我目前正在使用具有50000个节点和200万个关系的neo4j数据库来执行cypher MATCH查询,如下所示:
start startnode = node(42660), endnode = node(30561)
match startnode-[r*1..3]->endnode
return r;
这个查询本身提供了443行,但我只希望Cypher找到5个匹配并仅返回它们。请允许我澄清一下:我不仅希望Cypher只返回5个结果,我还希望cypher在找到5个结果后停止查询。我不希望Cypher获得所有443个结果。
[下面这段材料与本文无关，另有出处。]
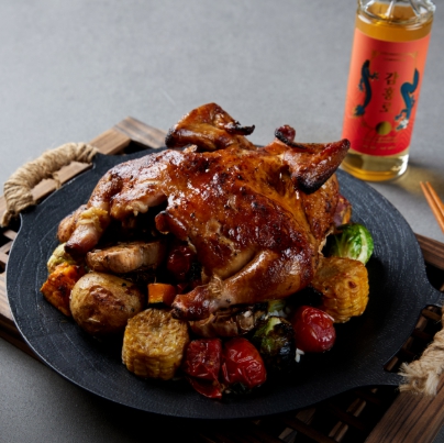 참나무 장작으로 구워낸 닭 장작 구이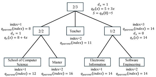 The tree structure is one of the representations of . In the access tree , each interior node records the count of its child nodes and specifies the minimum number of child nodes whose attributes must be satisfied to fulfill the access policy. Parameter denotes the quantity of child nodes and represents the threshold, with the condition that . Every terminal node of the access tree corresponds to an attribute, and its threshold is set to 1.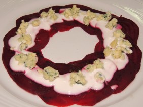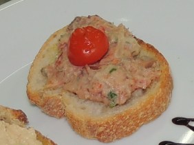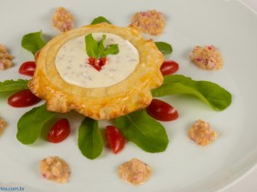Tartelete de queijo de cabra e cebola roxa caramelizada com vinagre de amendoim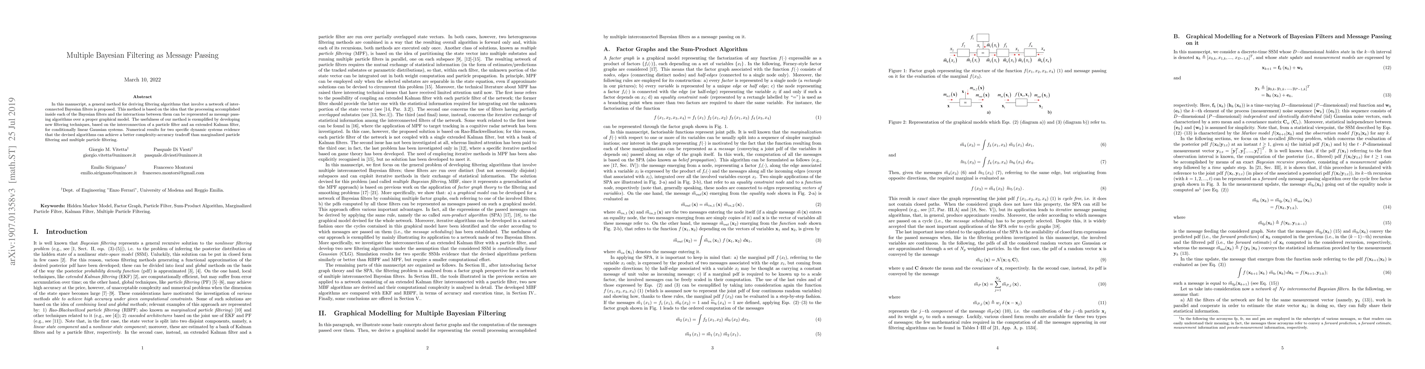 This paper proposes a method for deriving filtering algorithms using interconnected Bayesian filters represented as message passing over a graphical model. The method is demonstrated through the development of new filtering techniques combining particle and extended Kalman filters for linear Gaussian systems, showing improved complexity-accuracy tradeoffs compared to existing methods.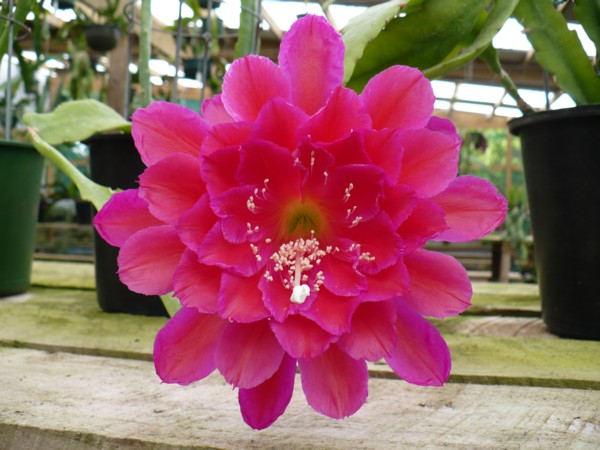 erste Reihe der inneren Petalen rot mit purpurrosa Rändern. Nächste Reihen dunkel rosarot mit purpurrosa Rändern. |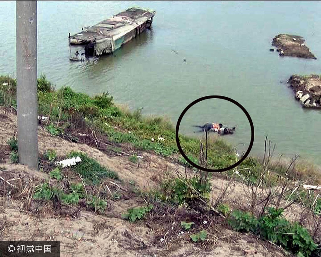 这两具尸就在秦淮河方山段的南岸,记者接报赶到现场时,警方已经在现场勘察。这是一男一女两人,已经被波浪吹到岸边的石头上。女的穿着衣服,男子上身裸,一只手还拉着女子,因为距离较远,看不清两人面容,但可以看出两人年纪都较轻。

目前是否可以使用LIMIT子句?或者LIMIT是否等待找到所有443个结果,然后只返回前5个?
编辑:LIMIT子句是否只查找复杂查询的前几个结果?
start graphnode = node(1), startnode = node(42660), endnode = node(30561)
match startnode<-[:CONTAINS]-graphnode-[:CONTAINS]->endnode
with startnode, endnode
match startnode-[r1*1..1]->endnode
with r1, startnode, endnode
limit 30
match startnode-[r2*2..2]->endnode
with r1, r2, startnode, endnode
limit 30
match startnode-[r3*3..3]->endnode
with r1, r2, r3, startnode, endnode
limit 30
return r1,r2,r3;
以下是查询的profile:
==> ColumnFilter(symKeys=[" UNNAMED216", "endnode", "r1", "startnode", "r2", "r3"], returnItemNames=["r1", "r2", "r3"], _rows=30, _db_hits=0)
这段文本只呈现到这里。